INFORMATION PROVIDED
>>>

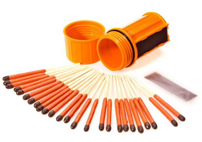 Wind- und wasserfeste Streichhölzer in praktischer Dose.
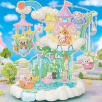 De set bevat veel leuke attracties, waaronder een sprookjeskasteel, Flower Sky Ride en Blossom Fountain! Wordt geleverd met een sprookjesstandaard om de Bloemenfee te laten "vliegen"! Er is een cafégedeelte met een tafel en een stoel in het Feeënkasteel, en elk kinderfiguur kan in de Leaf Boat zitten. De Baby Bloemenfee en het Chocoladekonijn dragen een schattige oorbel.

<<<
>>>

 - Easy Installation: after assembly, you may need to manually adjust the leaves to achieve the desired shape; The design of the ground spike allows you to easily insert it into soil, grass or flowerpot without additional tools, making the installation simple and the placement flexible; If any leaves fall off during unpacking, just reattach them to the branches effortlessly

<<<

Please return the data above exactly as it stands from the line with "Wind- und wasserfeste" to the line with "De set bevat", keeping both of those lines but none of the pictures.

YOUR SOLUTION
 Wind- und wasserfeste Streichhölzer in praktischer Dose.
 De set bevat veel leuke attracties, waaronder een sprookjeskasteel, Flower Sky Ride en Blossom Fountain! Wordt geleverd met een sprookjesstandaard om de Bloemenfee te laten "vliegen"! Er is een cafégedeelte met een tafel en een stoel in het Feeënkasteel, en elk kinderfiguur kan in de Leaf Boat zitten. De Baby Bloemenfee en het Chocoladekonijn dragen een schattige oorbel.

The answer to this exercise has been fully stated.